● **STORED DATA**

* * *

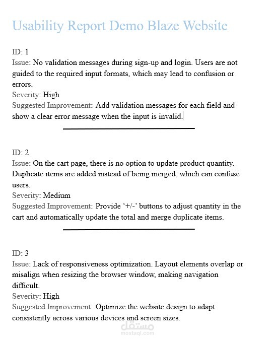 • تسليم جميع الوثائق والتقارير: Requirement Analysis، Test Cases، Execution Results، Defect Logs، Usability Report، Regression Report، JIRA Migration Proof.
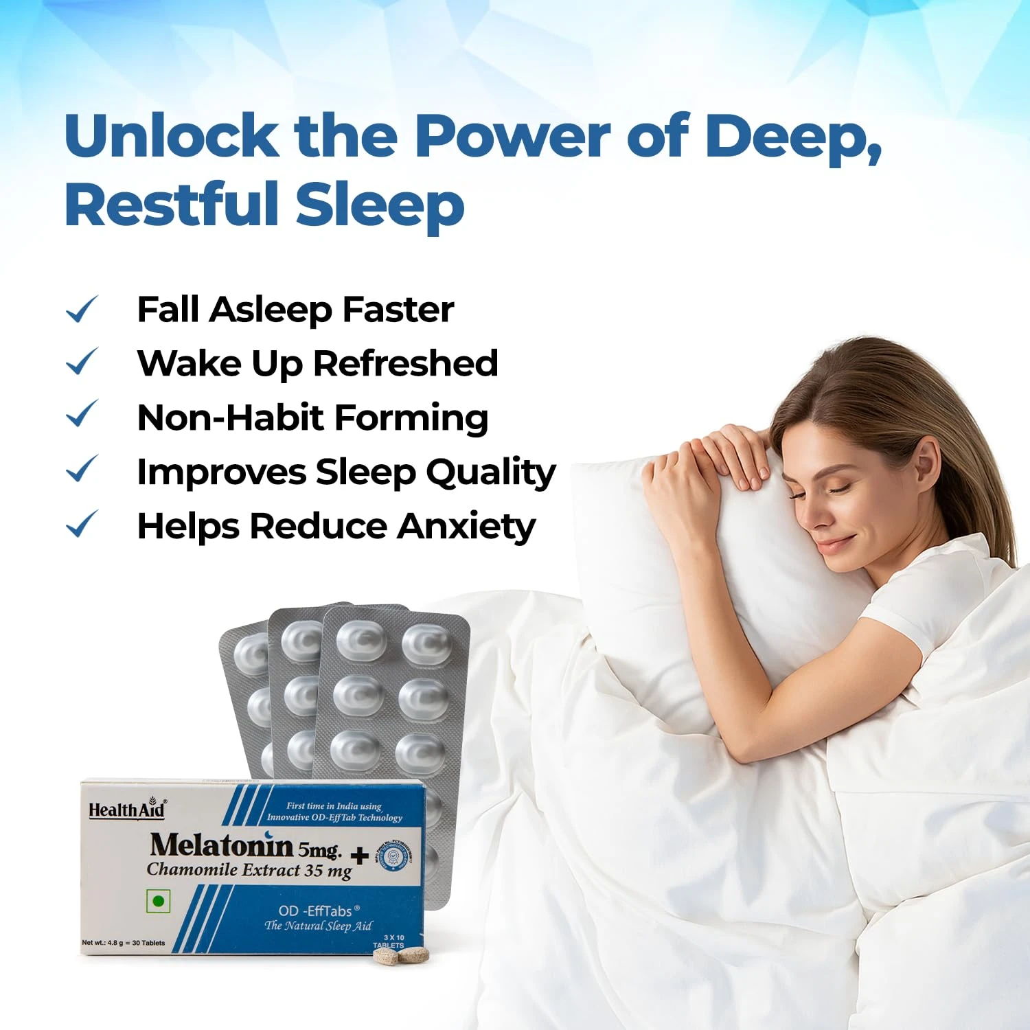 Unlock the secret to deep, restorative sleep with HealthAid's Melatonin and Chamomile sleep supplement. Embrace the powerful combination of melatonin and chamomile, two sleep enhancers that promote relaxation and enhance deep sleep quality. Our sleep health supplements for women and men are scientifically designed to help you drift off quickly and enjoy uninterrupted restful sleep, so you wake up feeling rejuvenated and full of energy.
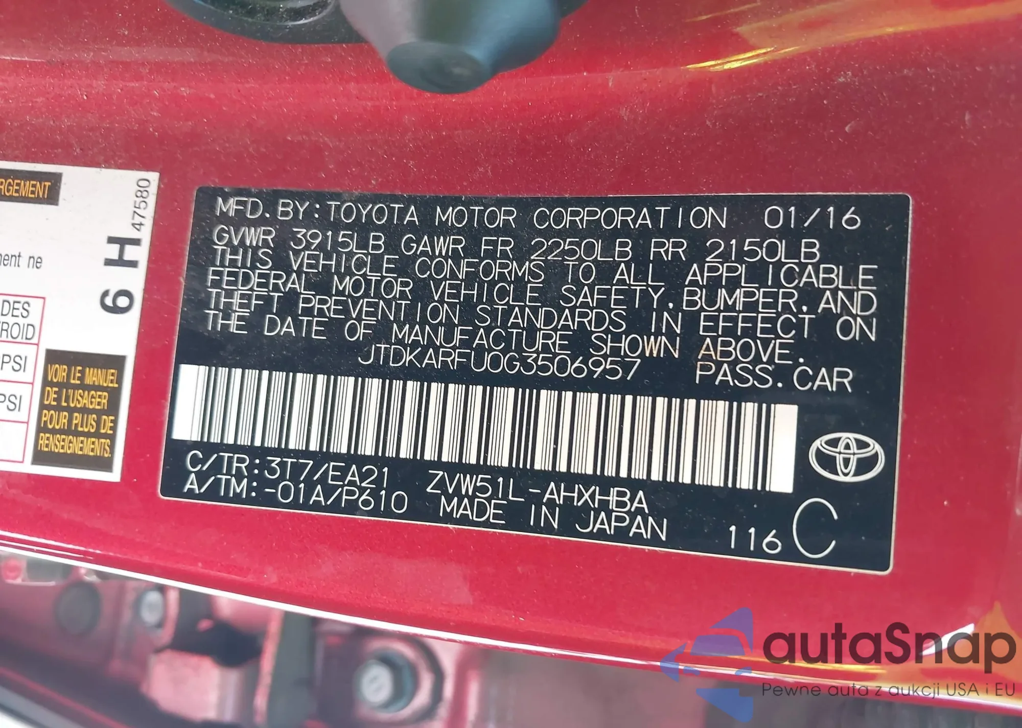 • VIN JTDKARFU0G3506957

* * *

● **ABOUT THIS EXERCISE**
With the pictures omitted, the material is to be transcribed exactly.

● **YOUR SOLUTION**
 • تسليم جميع الوثائق والتقارير: Requirement Analysis، Test Cases، Execution Results، Defect Logs، Usability Report، Regression Report، JIRA Migration Proof.
 Unlock the secret to deep, restorative sleep with HealthAid's Melatonin and Chamomile sleep supplement. Embrace the powerful combination of melatonin and chamomile, two sleep enhancers that promote relaxation and enhance deep sleep quality. Our sleep health supplements for women and men are scientifically designed to help you drift off quickly and enjoy uninterrupted restful sleep, so you wake up feeling rejuvenated and full of energy.
 • VIN JTDKARFU0G3506957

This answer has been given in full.